Herb Greenberg Thinks Green Mountain Isn't Much Without Coke
SodaStream (NASDAQ: SODA), who innovated the soda market with their do-it-yourself machines, has been shaken by news that another carbonated beverage company, Coca-Cola (NYSE: KO), will be teaming up with Green Mountain (NASDAQ: GMCR), famous for their single-serving coffee machines, to use Coke products in their upcoming Keurig Cold machines.
Financial journalist and commentator Herb Greenberg commented on Green Mountain's stock after news of their partnership with Coca-Cola Coca-Cola caused a trading upset for SodaStream on CNBC Thursday.
“I've certainly been wrong on what I thought the stock would do.
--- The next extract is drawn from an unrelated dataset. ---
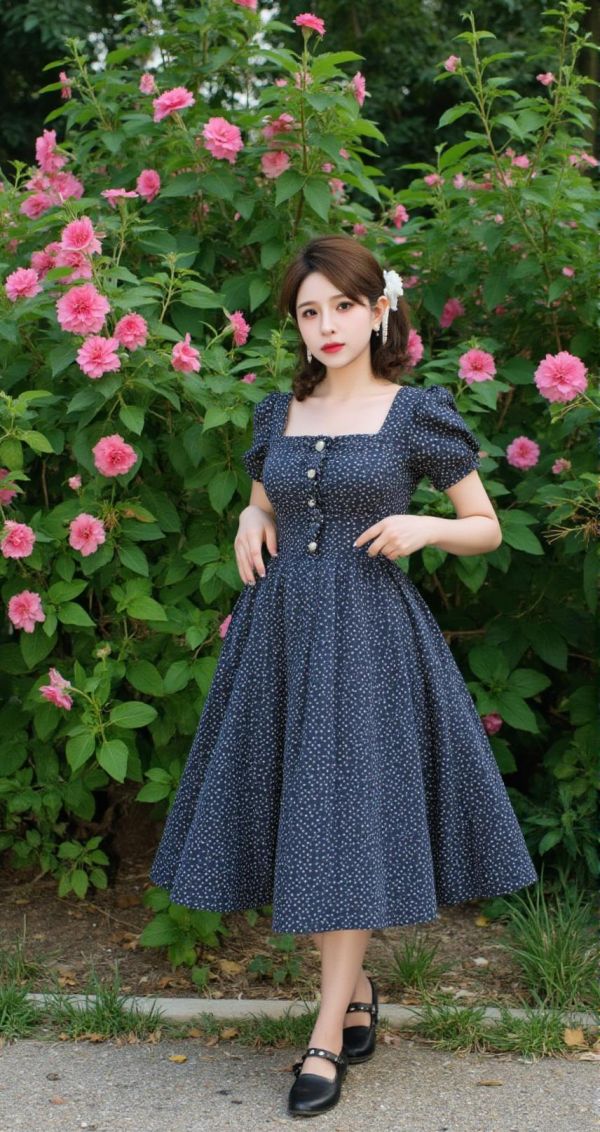 挑選一件波點(diǎn)連衣裙時(shí),可以根據(jù)自己的膚色來決定底色和圓點(diǎn)的顏色。淺膚色的人適合選擇深色底色加上白色圓點(diǎn)的組合,而深膚色的人則更適合明亮底色搭配黑色圓點(diǎn)的設(shè)計(jì)。除此之外,還可以通過改變?nèi)棺娱L度(如及膝或過膝)、袖子樣式(如泡泡袖或無袖)等方式,創(chuàng)造出更多變化。配上一雙瑪麗珍鞋,再戴上一副珍珠耳環(huán),仿佛從老電影中走出的女主角般迷人。

I think I've been absolutely right in what I thought would happen to the business because had this deal not been announced I think we could all - we all sort of realized that Green Mountain Stock probably would of tanked because the numbers were so, so awful,” said Greenberg.
“And, and so I think this is the old - if you look at what the company said; the kind of forecast they gave, you know, in 2016 and on for quote on quote the next decade, it's sort of a Hail Mary wing and a prayer forecast that everything goes right. Maybe it will; maybe it won't.”
SodaStream responded to the future competition that their partnership poses by saying that they view the announcement “as further recognition that customer carbonation is the future of the $260 billion at-home carbonated beverage industry.”
“For them, getting the Coke deal, this is a, this is a cheap call for Coke, it's a great, you know, headline for Green Mountain at this point, but the fact of the matter is…the business of Green Mountain without this deal is not that great. It's going in the wrong direction,” said Greenberg.